Somerton has a rich history once being the Royal Capital of Ancient Wessex.
In 658, the Saxons defeated the older Roman-Celtic people and captured eastern Somerset. The Saxons gave the name Summer tun (hamlet or farmstead) and it seems to have been quite an important village in Saxon times. In 949 the Witan, a kind of parliament met at Somerton. By 1086 the Domesday Book noted Somerton was still a village, but by the 13th century it had become a small market town – in 1255 it had been granted the right to hold weekly markets. In the 1270s the county courts and the county jail moved here.

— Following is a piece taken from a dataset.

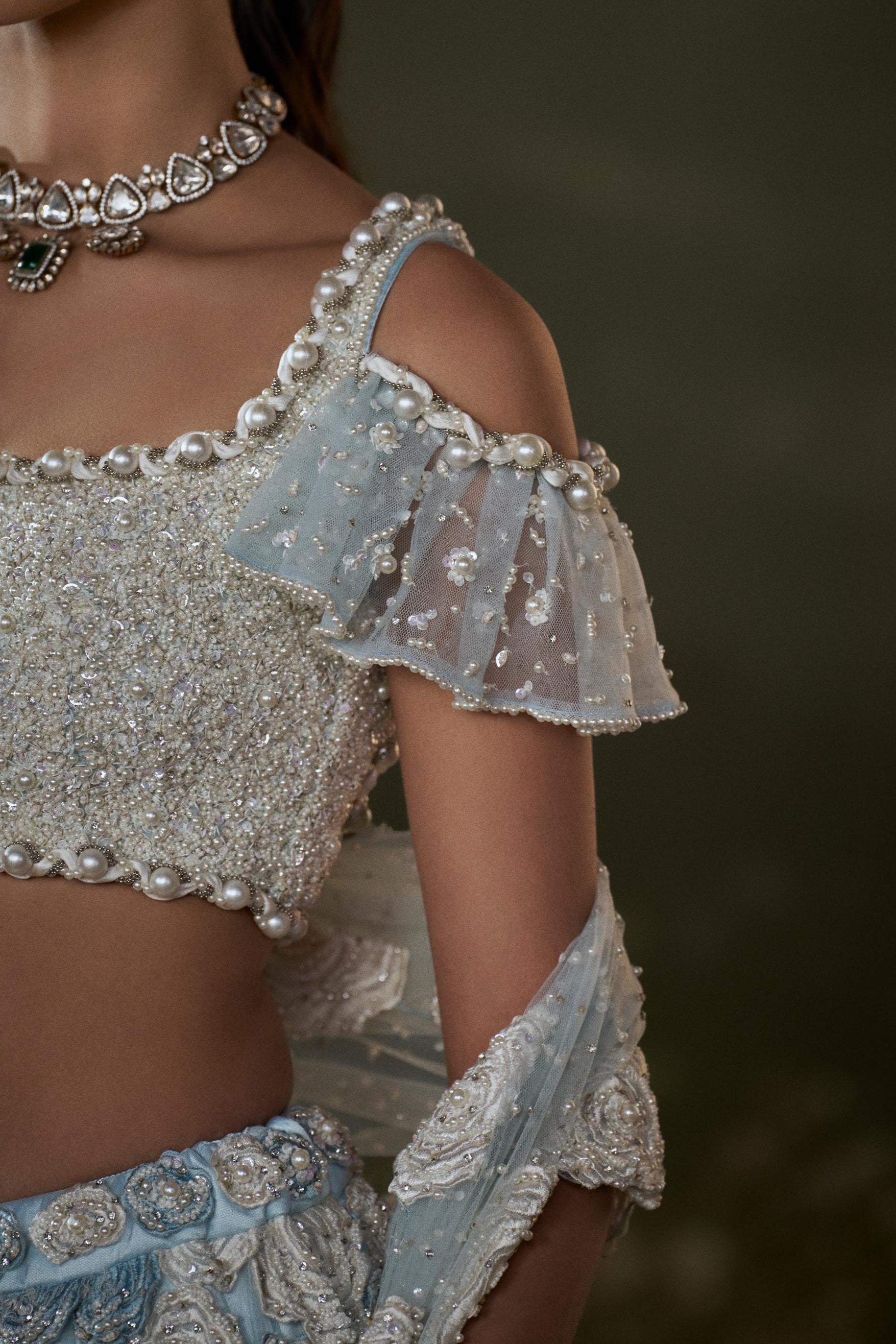 The Powder Blue Noor lehenga set is curated for serene daytime weddings and contemporary celebrations. The soft blue tone brings calm elegance, making it ideal for engagement ceremonies, daytime receptions, and destination weddings. Designed for graceful movement, this lehenga suits women who prefer subtle color palettes with refined styling.

For a short time, Somerton was the county town of Somerset but in 1366 the courts and the jail were moved to Ilchester. The parish church of St Michael and All Angels was built in the mid-13th century although a church existed on the site much earlier. Somerton had a market cross by the 14th century, which was rebuilt in 1673 as the Buttercross. The Old Town Hall also dates from the late 17th century and Edward Hext built almshouses in Somerton in 1626.
The 19th and 20th centuries brought some changes. In 1866 Sophia Scott Gould built homes for 6 older women. The Lady Smith Memorial Hall was built in 1901. From 1858 Somerton had gaslight and in 1894 it gained a parish council. The railway arrived in 1906 but the station closed in 1962. From 1930 the streets of Somerton were lit by electricity. Today Somerton remains an attractive small town with a population of about 6,000.